When you feel you’ve sampled enough data, press the “2 – Pause” button or “1 – Start/Stop” toggle (see map). Now it’s time to examine the profile (sample data collected). Since I’m running code in the background via GCD, I can scroll down to see activity per thread and per core:

Analyzing your profile

Now it’s time to analyze the recorded profile data. You generally start by clicking into an area of activity on the track/timeline or by highlighting a “slice” of the timeline. Remember that you can look at not just the top/aggregate track, but can inspect each thread or core:

When you click on a single time/data sample or highlight a slice, the corresponding code executing at that time of that selection is shown in what I annotated on my map as the “4 – Heaviest Stack Trace,” “5.1 – Stack trace of method names (tree),” and “5.2 – Measures of CPU used.” You all should know that functions are pushed on and popped off the stack, that functions calling other functions builds a stack trace, and that “Heaviest Stack Trace” means high CPU usage (cycles).

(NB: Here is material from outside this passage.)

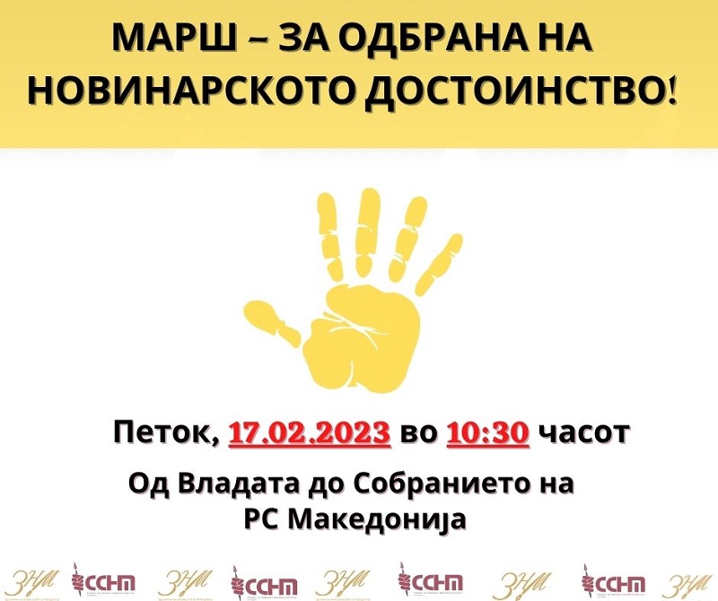 Здружението на новинари на Македонија и Самостојниот синдикат на новинари и медиумски работници ги повикаа сите медиумски професионалци утре да излезат на протестен марш, на кој ќе го изразат, како што велат, незадоволството од нападите врз новинарите, навредите и понижувањата од политичарите, нелојалната конкуренција, небезбедните услови во кои работат новинарите, лошата социо-економска состојба.
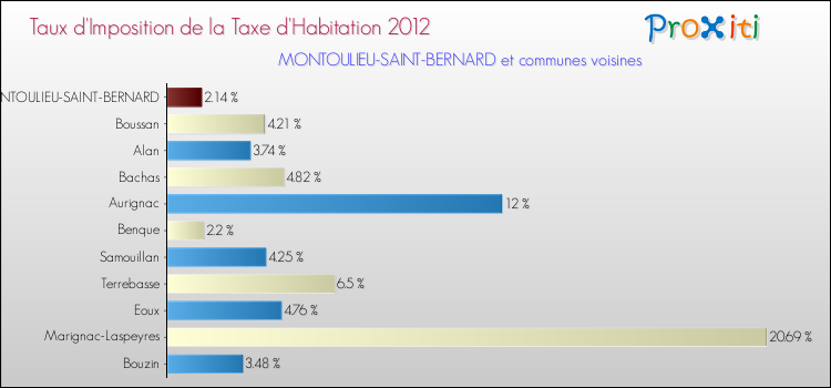En 2012, le taux de la taxe d'habitation vôté par le conseil municipal de Montoulieu-Saint-Bernard était de : 2.14 %.

If you’ve found that there’s some bottleneck in your app, but you don’t know where exactly it resides in your code, look for: 1) functions in the “Heaviest Stack Trace” pane, and/or, 2) thick, high, and blue activity on the top track, or possibly in thread and core tracks.

I’m interested in two regions on the timeline. Why? because they show non-trivial CPU activity:

After I’ve selected a slice of the timeline, here “Region 1,” I first look at the “4 – Heaviest Stack Trace” pane (see map) for method names I recognize with a person icon next to them. The person icon indicates my code; other icons represent iOS calls. The “4 – Heaviest Stack Trace” pane shows me code with high CPU usage.

In this case, I also expected to see certain functions at startup; code that I wrote. I know my own code. I clicked on one of my method names in “4 – Heaviest Stack Trace” so that its stack trace and symbols (function/class/struct names) would be shown in the “5.1 – Stack trace of method names (tree)” and “5.2 – Measures of CPU used” pane (see map):

Notice all the detail. And notice that I can expand a symbol (function) name to see everything being called by it. If you go into my “Optimizing Swift Code” project, you can see how the Organization.createEmployees() method is called at app startup. Look in project file Organization.swift and you’ll find this code:

But… I don’t have to switch to Xcode to look at my code.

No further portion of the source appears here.